Written by Briton Ryle
Posted February 26, 2020

Oh that's much better...

On Monday, I wrote: 

I'm already seeing tweets and other commentaries that today's [Monday's] drop is an overreaction, that the bull market is more powerful than any virus or politician. The suggestion is basically that today's move is a crescendo that will relieve the overbought pressure, many will panic sell and thus clear the air for new buyers.   

It doesn't seem like a good idea to be so casual about this sell-off. There are some tremendous imbalances in the market and the economy.
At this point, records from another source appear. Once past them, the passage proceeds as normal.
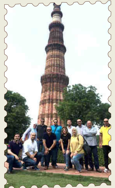
Visit to Qutub Minar by Iraqi diplomats
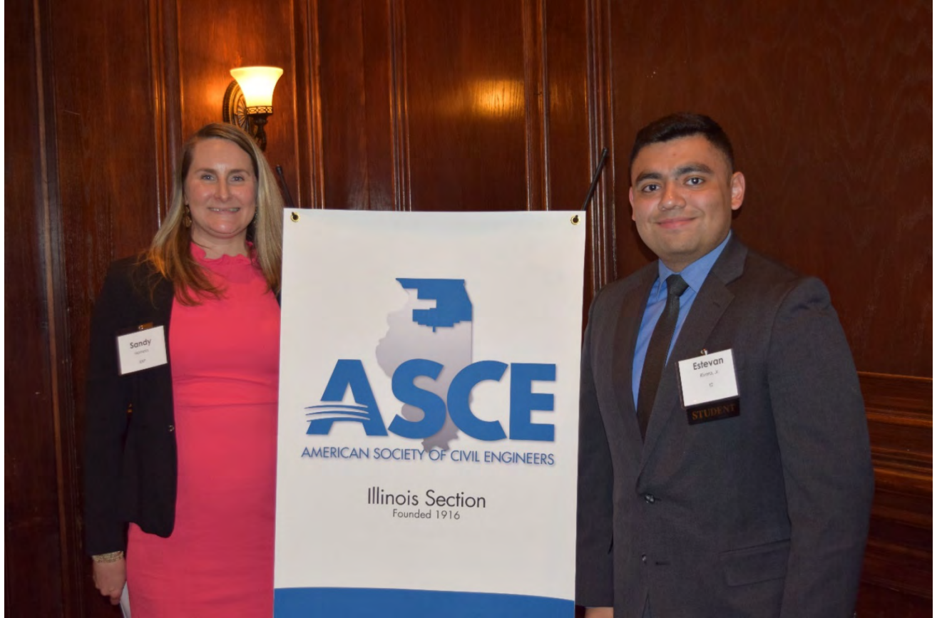
Illinois Section Commendation Scholarship
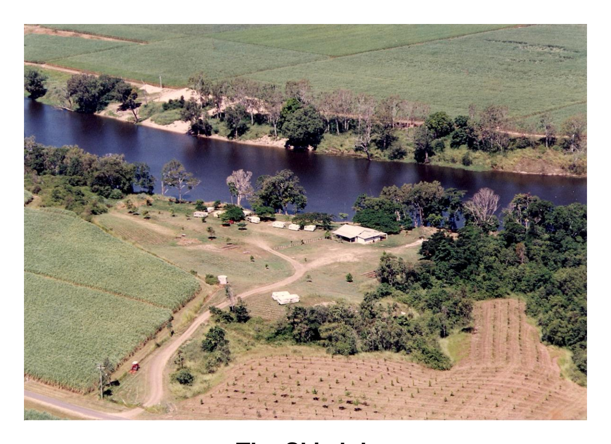
The Ski club (photo taken from the tiger moth after1988)

The S&P 500 hit a new record high at 3,393 on Thursday. Do we really think a big drop today down to 3,200 is capitulation? Umm... yeah...

I was around for the Internet bubble and collapse and the ensuing 9/11 bear market. I survived the financial crisis, too. 

I know that a lot of new investors (millennials) have entered the marker somewhat recently. If you're reading this, let me tell you: Brother, this ain't capitulation.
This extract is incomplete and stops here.